The central bank had said Bunq was not properly complying with anti money laundering legislation which requires banks to run risk profiles of clients and monitor their transactions accordingly.
Bunq said this can best be done using AI, but the central bank disagreed, ordering the app-based bank to change its strategy.
The appeal court has now said that the central bank had not sufficiently proved Bunq’s methodology was not in line with the legislation and rejected the central bank’s claim Bunq did not have enough information about its business clients.
The court did find, however, that Bunq had not done enough to establish how its customers made their money or to investigate the source of income of ‘politically prominent people’.
Bunq founder Ali Niknam said the ruling was a victory for progress. ‘I’m incredibly happy to see that the Dutch court recognises the importance of the innovation we bring to a centuries-old industry,’ he said. ‘Its decision paves the way for industry-wide progress and opens the door to a safer financial sector.’

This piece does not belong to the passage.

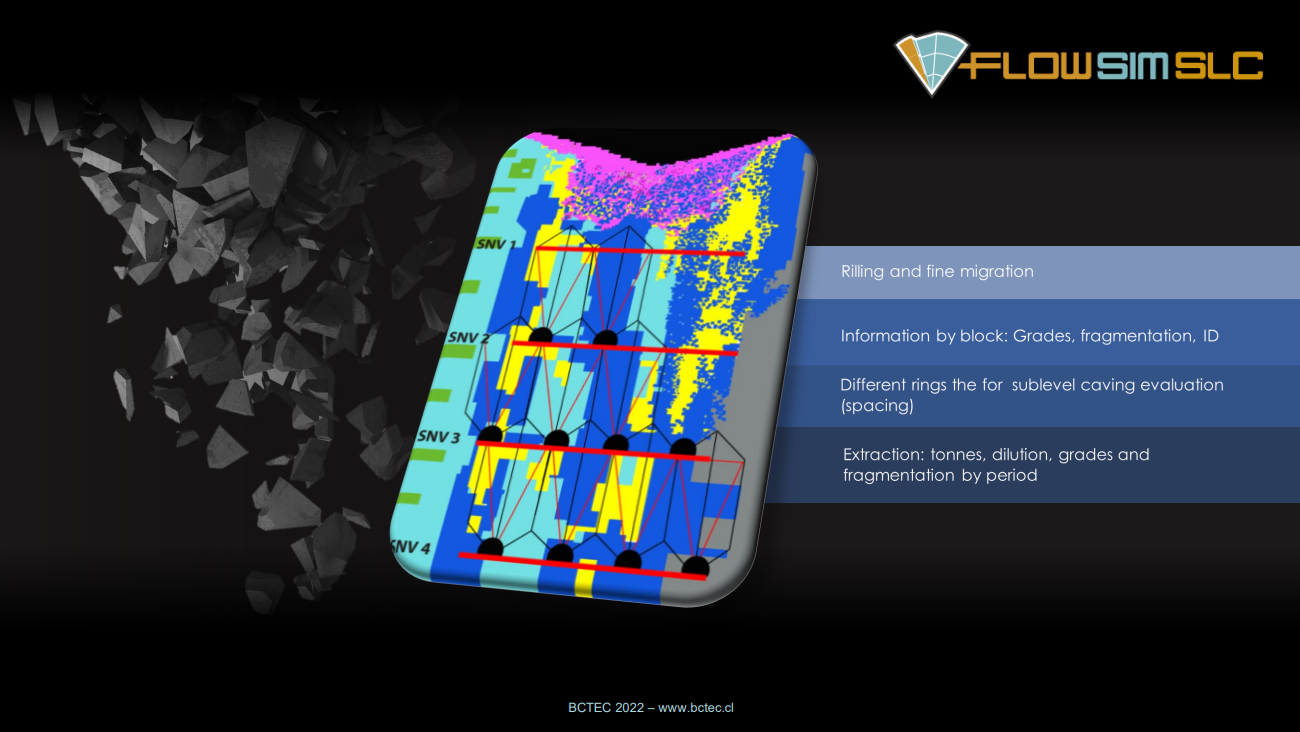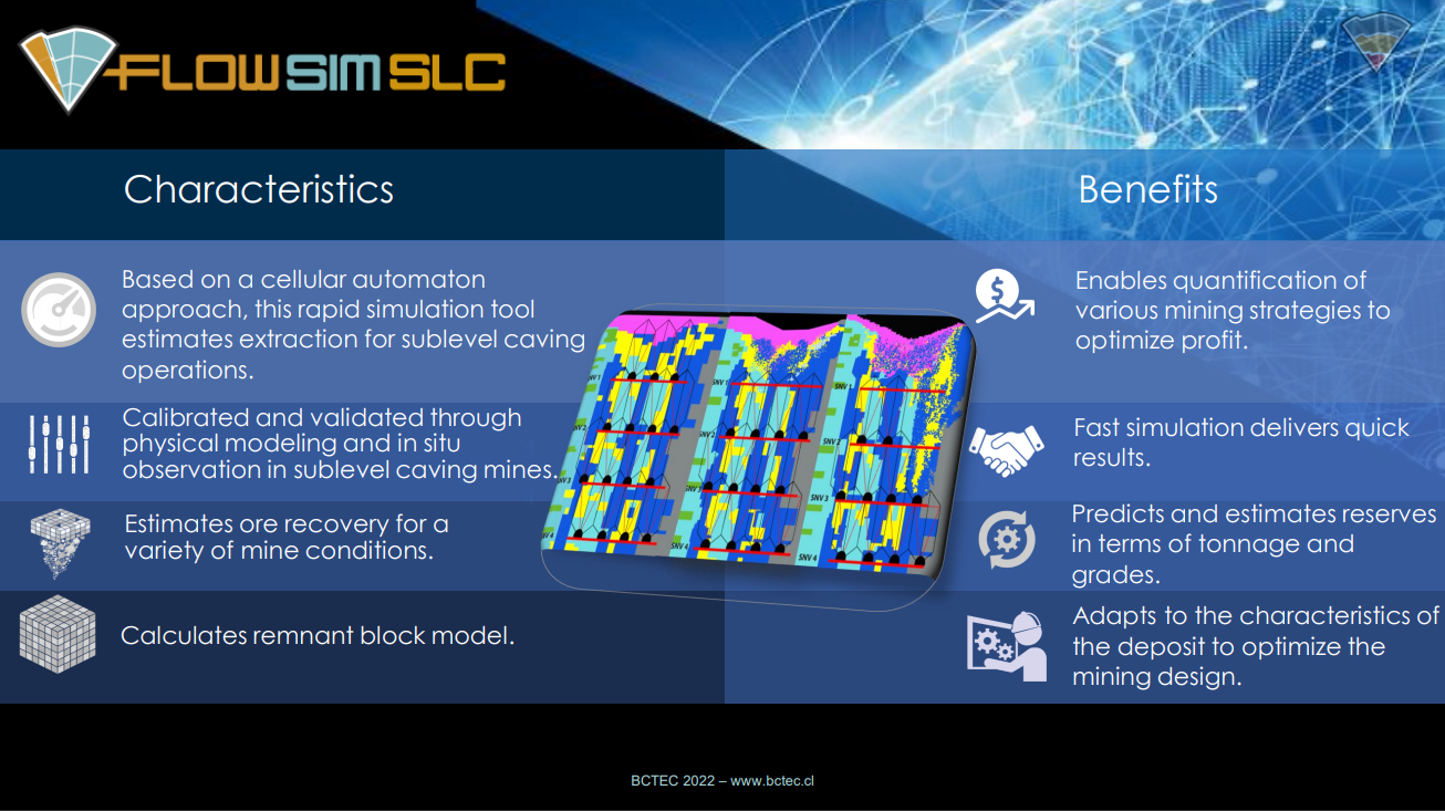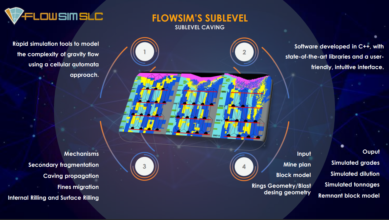 FlowSim SLC is a mine planning software that simulates gravity flow to efficiently estimate extractable reserves for Sublevel Caving (SLC) operations.
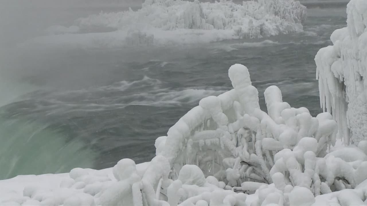 Las tormentas invernales congelan parte de las cataratas del Niágara

According to the Financieele Dagblad, the ruling is ground-breaking because judges rarely go against the decisions of a regulatory body. In addition, the paper said, there are very few banks willing to go to the highest legal authority in their dispute with a watchdog.
In 2018, ING was ordered to pay a €775 million out of court settlement for breaching money laundering regulsations, and three years later ABN Amro settled for €480 million. ING subsidiary Payvision is also now the subject of a criminal investigation, although the bank says the case dates from the period prior to its acquisition in 2018.